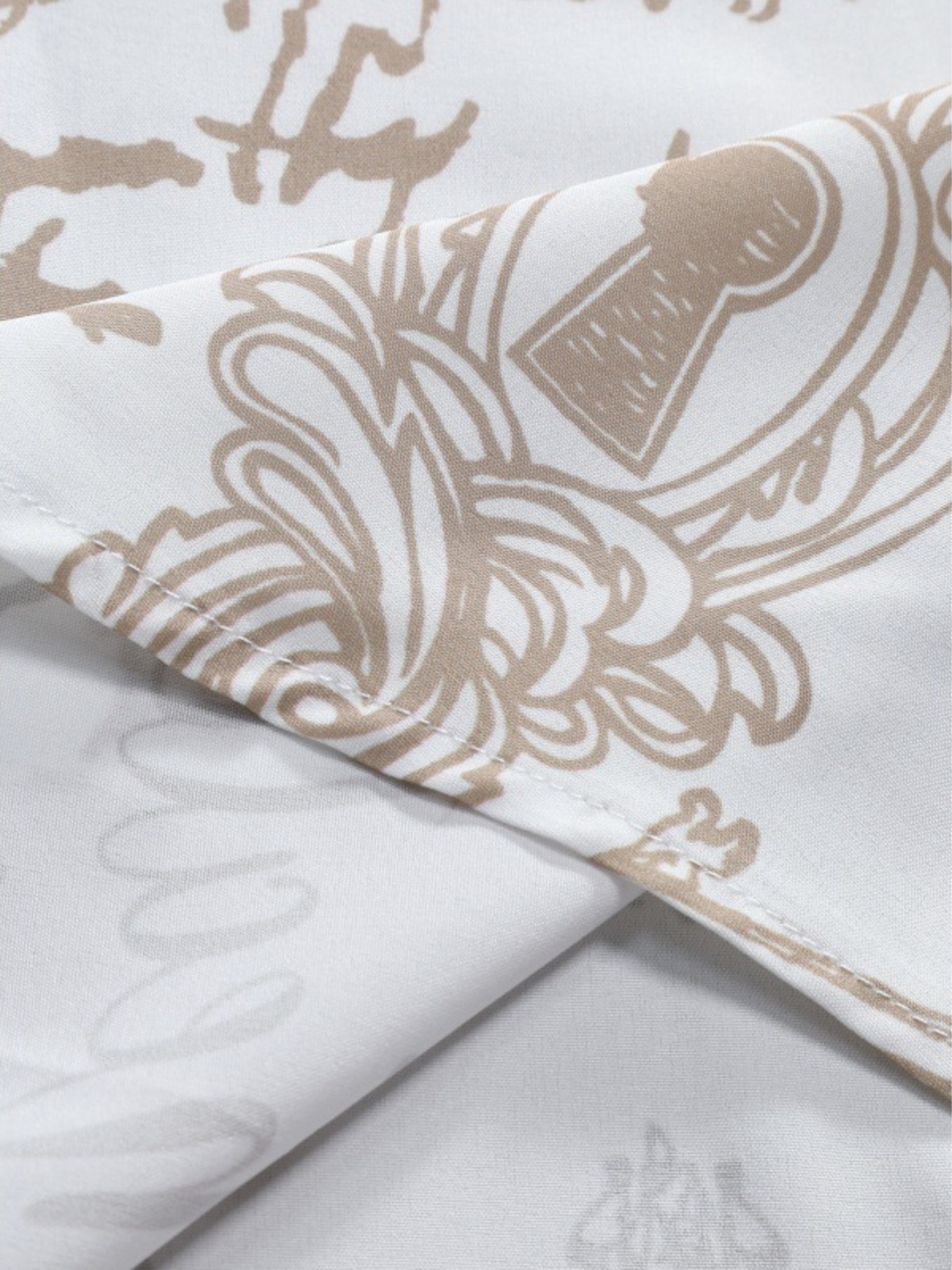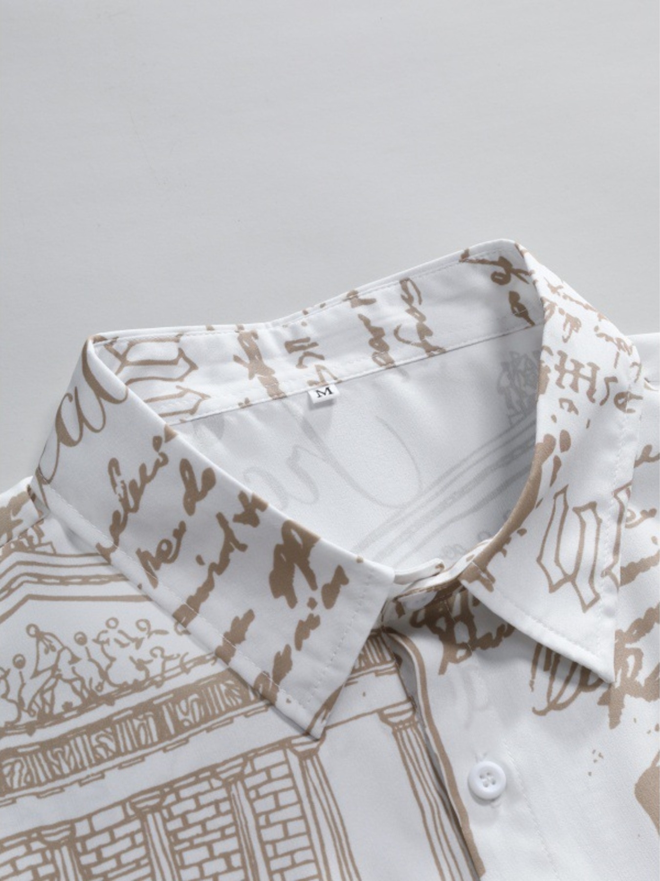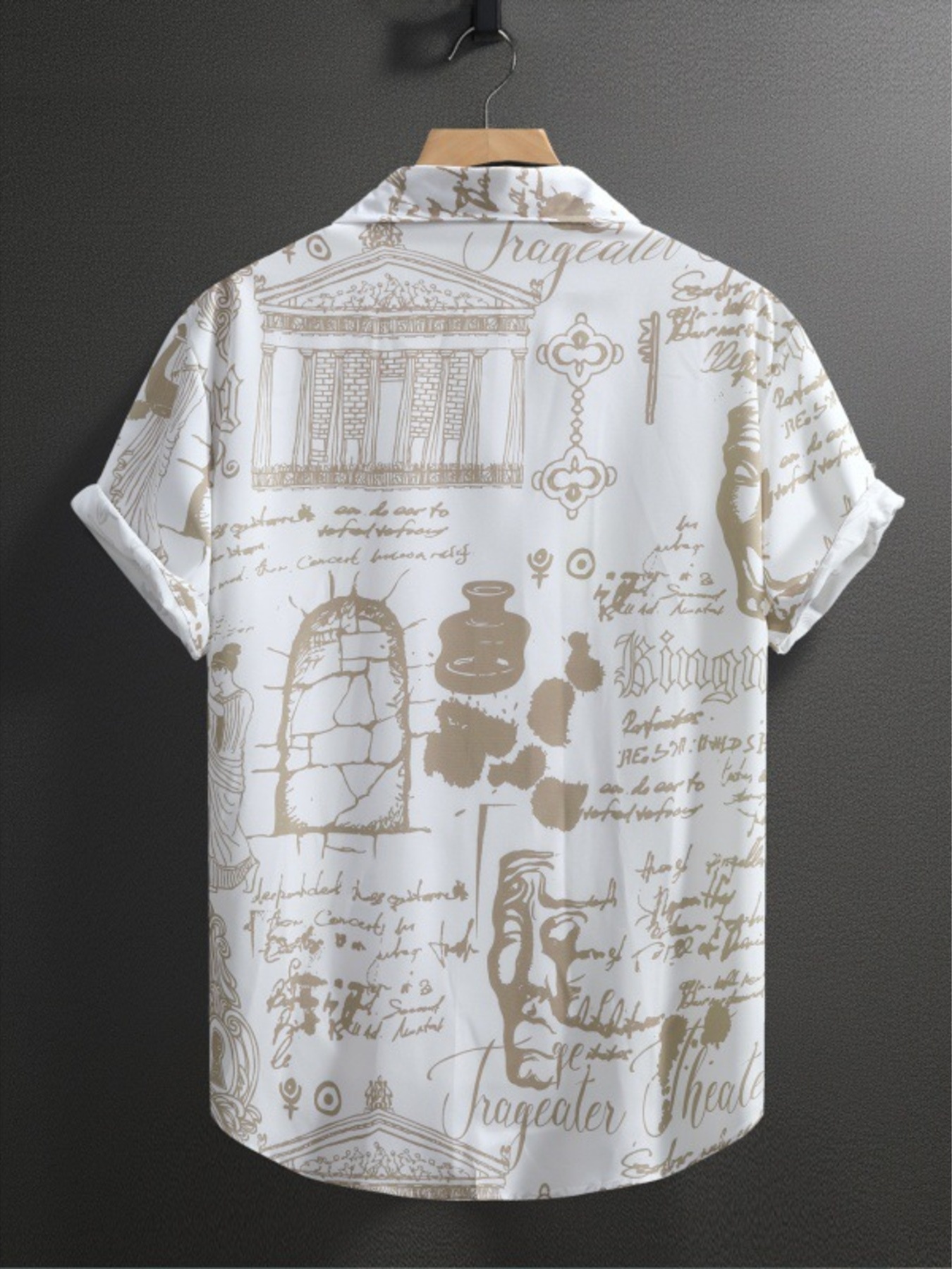 Men's Vintage Art Print Short Sleeve Button-Up Shirt
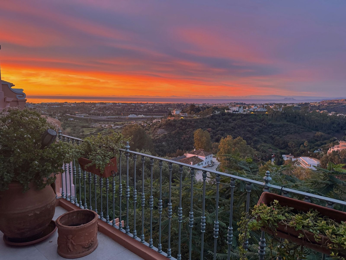 As you approach the entrance, you go up a few steps that lead to the front door. Upon entering, you’ll be greeted by a spacious and light-filled dining and living area, accentuated by floor-to-ceiling windows that create an inviting atmosphere. Step outside to your expansive 22m² covered terrace, which features glass curtains, allowing you to enjoy the stunning panoramic views of the area of Benahavís, the majestic nearby mountains, the iconic Rock of Gibraltar, and the sparkling sea. The beautiful open South-West views provide a sense of comfort all year round to the mind and soul; on clear days, you can even catch a glimpse of the African coast and the Atlas Mountains—truly breathtaking! The sunsets from here are spectacular.
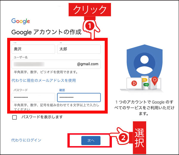 氏名を入力する。続いて、使用したいユーザー名とパスワードを入力し、「次へ」をクリック。
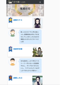 | … | 7326/01/15(木)21:12:38No.1392778439そうだねx1>甘露寺が炎とフラグ立ててたら絶対強烈なアンチついてたということはわかる |
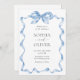 Elegant Dusty Blue Hand Drawn Bow Wedding Invitation
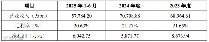 报告期内,公司营业收入分别为68,964.61万元、70,708.88万元和57,784.20万元,毛利率分别为21.65%、21.27%和20.63%,净利润分别为8,673.94万元、5,871.77万元和6,042.75万元。
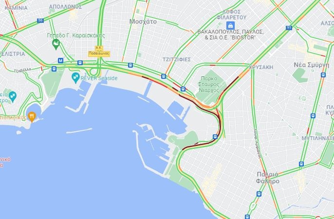 Όπως φαίνεται στον χάρτη της Google η κίνηση στο ρεύμα προς Γλυφάδα στην παραλιακή ξεκινά σχεδόν από το ύψος της συμβολής με τη λεωφόρο Κηφισού.
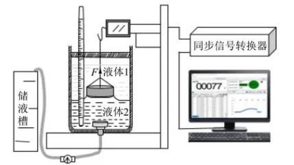 圖1為自制2種液體間界面張力的動(dòng)態(tài)實(shí)時(shí)測量裝置圖,該儀器主要包括電腦顯示器、同步信號(hào)轉(zhuǎn)換器、自制實(shí)驗(yàn)架臺(tái)、力敏傳感器、金屬吊環(huán)、恒溫杯、溫度計(jì)、排液孔、排液管、流速調(diào)節(jié)器和儲(chǔ)液槽等組成.
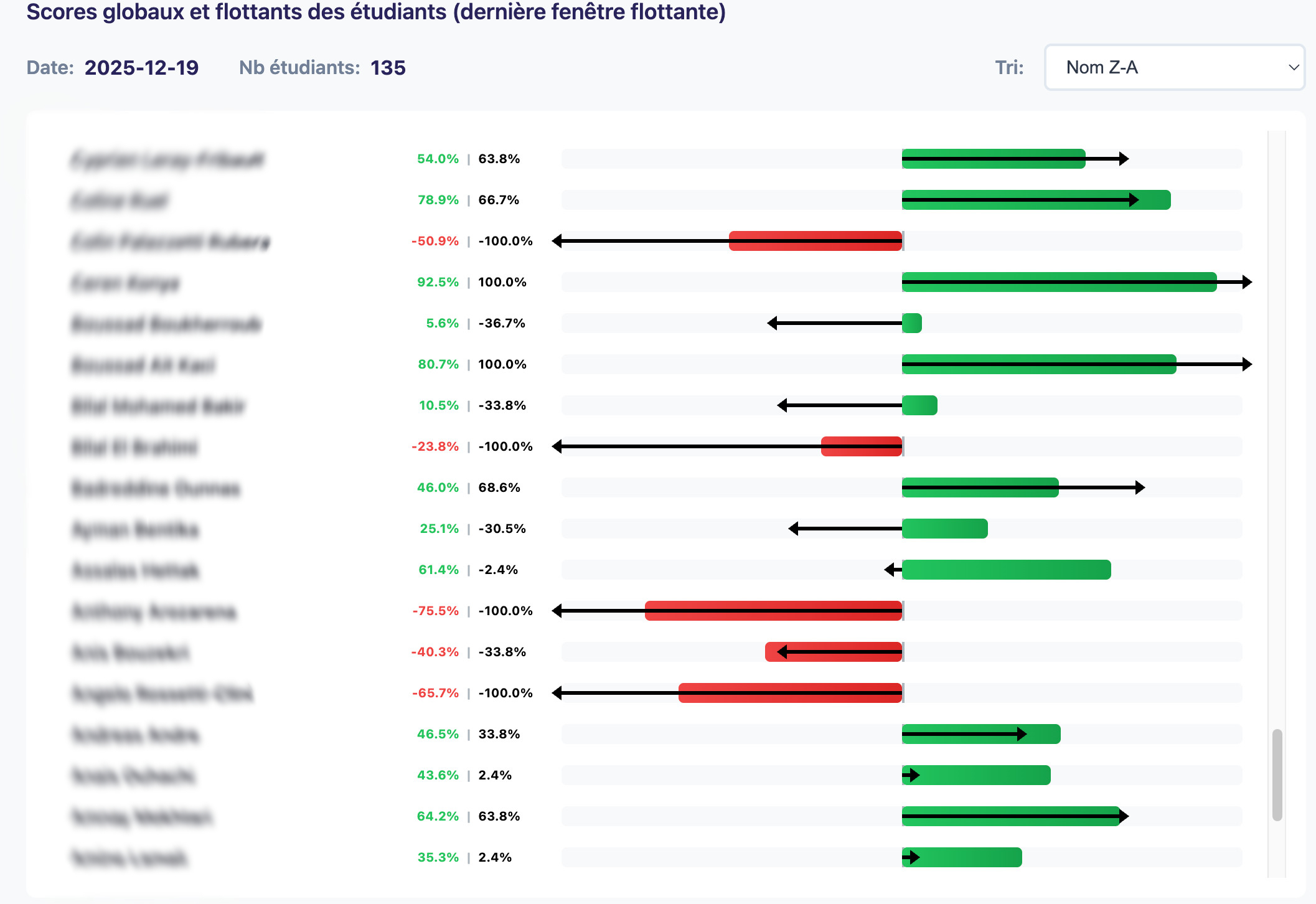 - 0% indique qu'il n'a pas fait la moitié de ce qu'a fait la cohorte. Il est représenté graphiquement par une barre rouge à gauche (score négatif) ou verte à droite (score positif) du centre symbolisant le 0
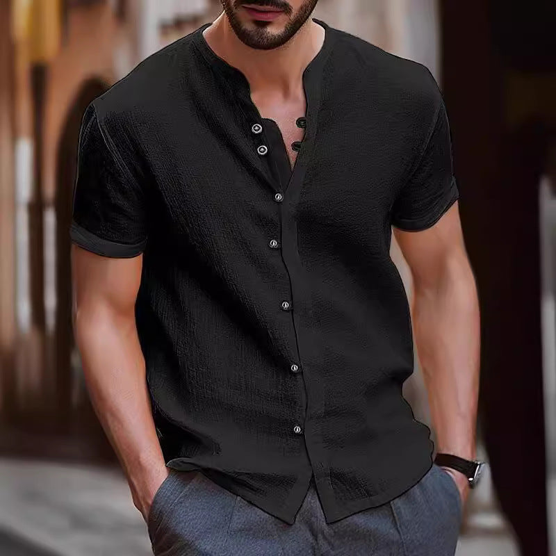 Entdecken Sie das Herren Kurzarm-Hemd mit strukturierter Oberfläche und modernen Knöpfen von Aliams – das ideale Kleidungsstück für stilbewusste Männer, die Wert auf Komfort und Eleganz legen.
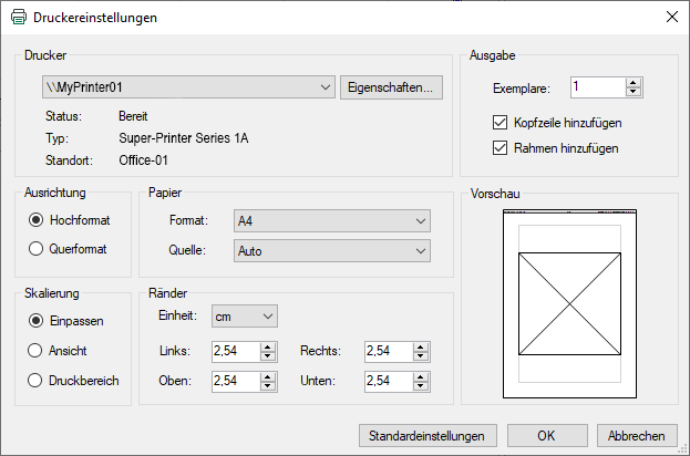 Zeigt eine schematische Druckvorschau. Ist der Skalierungsmodus Einpassen gewählt, so wird das Seitenverhältnis der Ansicht als quadratisch angesehen.
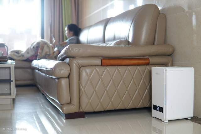 细节2:标配遥控器,可以设置风速、睡眠模式、预置湿度、定时。机器右侧有磁吸位置,遥控器不用时可以吸附在机器上,避免不在遗落在哪个角落。
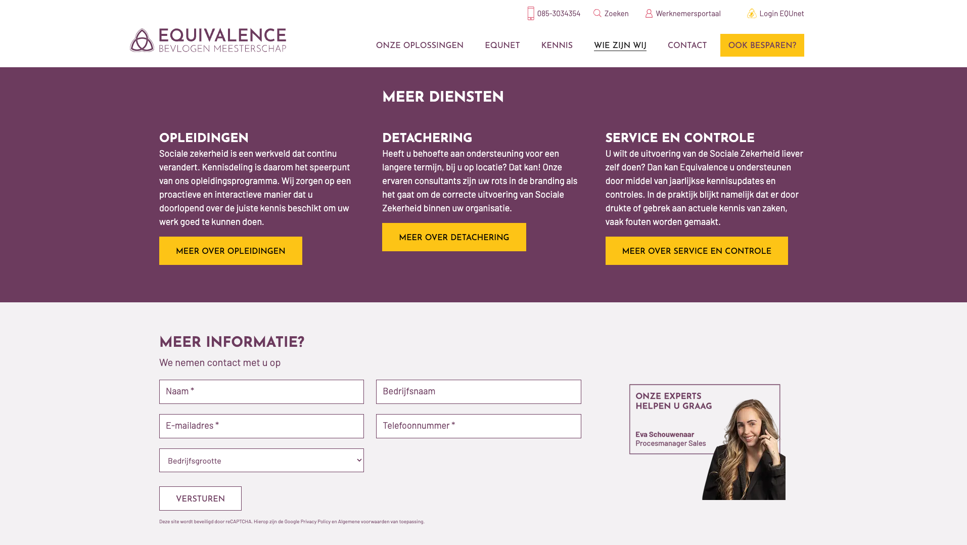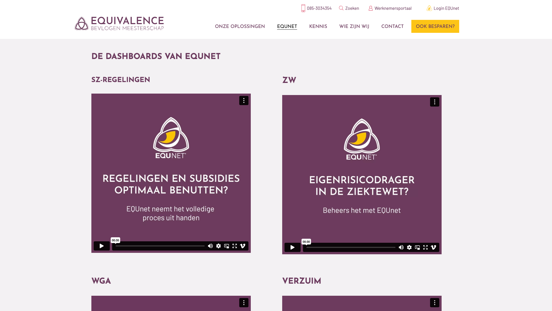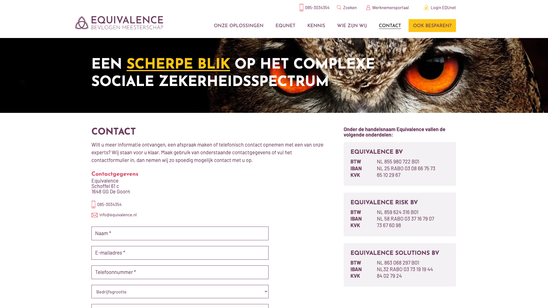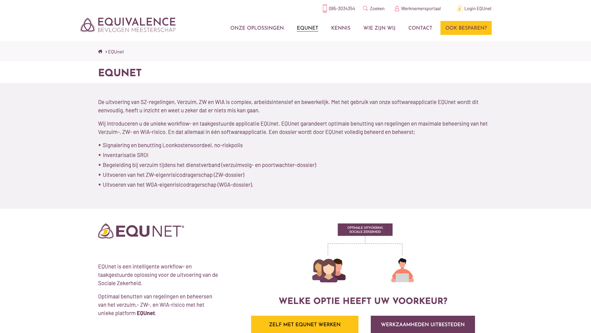 Sociale zekerheid is een complex werkveld. Equivalence vindt het daarom extra belangrijk dat de website overzichtelijk blijft en dat de bezoeker snel kan vinden wat hij zoekt. Op de nieuwe website kan de bezoeker op meerdere manieren navigeren. Het menu heeft twee lagen. De algemene informatie vind je in de bovenste laag, de diensten staan een level lager. De doelgroep (bedrijfseigenaren, directieleden en HR specialisten) ziet in één oogopslag waar hij moet zijn. Maar ook via de graphic op de homepage, de zogenoemde Equivalence Scan, kan een bezoeker navigeren.
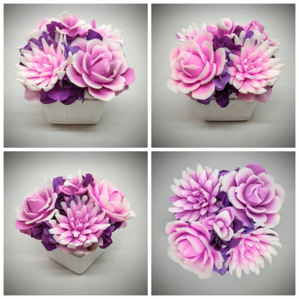 A szappant, amiből a virágok készülnek, egyedileg színezem, illatosítom és öntöm formába, majd ezekből az elkészült szépségekből állítom össze a csokrokat, boxokat.Választható szinekben, több különböző illattal rendelhető.
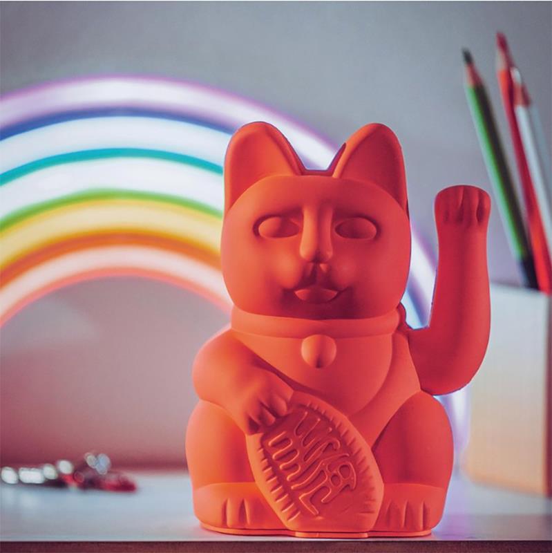 Gato de la suerte en color naranja, el color de la energía y la pasión. Según la leyenda, este gato trae buena suerte a su dueño. Maneki-neko como lo llaman en Japón, que es su país de origen, es una pieza ideal para decorar tus espacios o para regalar suerte, energía y pasión.
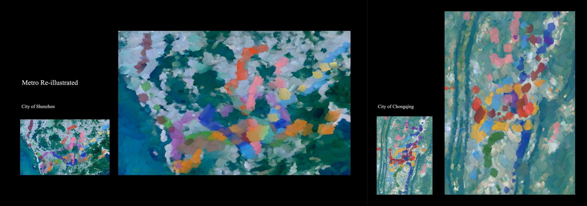 Firstly, an interactive system is built for labeling time-series data of city metro railway system on the transit map and generating reference images for the upcoming painting generation with data points on the corresponding satellite map of the city.
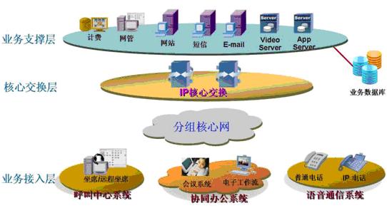 業(yè)務(wù)支撐層:計(jì)費(fèi)、網(wǎng)管、多媒體視頻、應(yīng)用服務(wù)器等各種功能服務(wù)器?膳c用戶的業(yè)務(wù)數(shù)據(jù)庫對(duì)接,為整個(gè)業(yè)務(wù)提供有力的支撐平臺(tái)。確保有效快速的處理呼叫流程、提高工作效率,評(píng)估呼叫中心的表現(xiàn)。
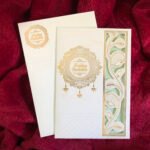 “Simple laser-cut wedding invitation card in cream colour with shiny gold paper. The delicate cutwork design looks beautiful and elegant, adding charm while keeping the overall appearance minimal, classy, and graceful.”
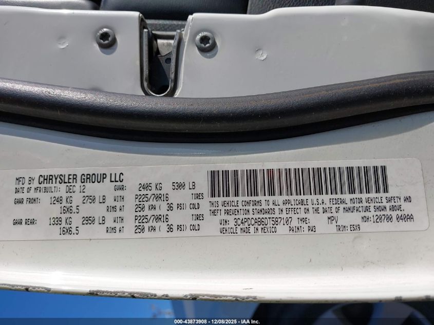 2013 DODGE JOURNEY - 3C4PDCAB6DT587107, колір - Білий, 2.4, Бензин, Передній привід із США

□ □ □ □

Your goal:
Quote, please, every line of the material above from its start through the line that has "- 0% indique", reproducing the words exactly and dropping any images.

Response area:
 Men's Vintage Art Print Short Sleeve Button-Up Shirt
 As you approach the entrance, you go up a few steps that lead to the front door. Upon entering, you’ll be greeted by a spacious and light-filled dining and living area, accentuated by floor-to-ceiling windows that create an inviting atmosphere. Step outside to your expansive 22m² covered terrace, which features glass curtains, allowing you to enjoy the stunning panoramic views of the area of Benahavís, the majestic nearby mountains, the iconic Rock of Gibraltar, and the sparkling sea. The beautiful open South-West views provide a sense of comfort all year round to the mind and soul; on clear days, you can even catch a glimpse of the African coast and the Atlas Mountains—truly breathtaking! The sunsets from here are spectacular.
 氏名を入力する。続いて、使用したいユーザー名とパスワードを入力し、「次へ」をクリック。
 | … | 7326/01/15(木)21:12:38No.1392778439そうだねx1>甘露寺が炎とフラグ立ててたら絶対強烈なアンチついてたということはわかる |
 Elegant Dusty Blue Hand Drawn Bow Wedding Invitation
 报告期内,公司营业收入分别为68,964.61万元、70,708.88万元和57,784.20万元,毛利率分别为21.65%、21.27%和20.63%,净利润分别为8,673.94万元、5,871.77万元和6,042.75万元。
 Όπως φαίνεται στον χάρτη της Google η κίνηση στο ρεύμα προς Γλυφάδα στην παραλιακή ξεκινά σχεδόν από το ύψος της συμβολής με τη λεωφόρο Κηφισού.
 圖1為自制2種液體間界面張力的動(dòng)態(tài)實(shí)時(shí)測量裝置圖,該儀器主要包括電腦顯示器、同步信號(hào)轉(zhuǎn)換器、自制實(shí)驗(yàn)架臺(tái)、力敏傳感器、金屬吊環(huán)、恒溫杯、溫度計(jì)、排液孔、排液管、流速調(diào)節(jié)器和儲(chǔ)液槽等組成.
 - 0% indique qu'il n'a pas fait la moitié de ce qu'a fait la cohorte. Il est représenté graphiquement par une barre rouge à gauche (score négatif) ou verte à droite (score positif) du centre symbolisant le 0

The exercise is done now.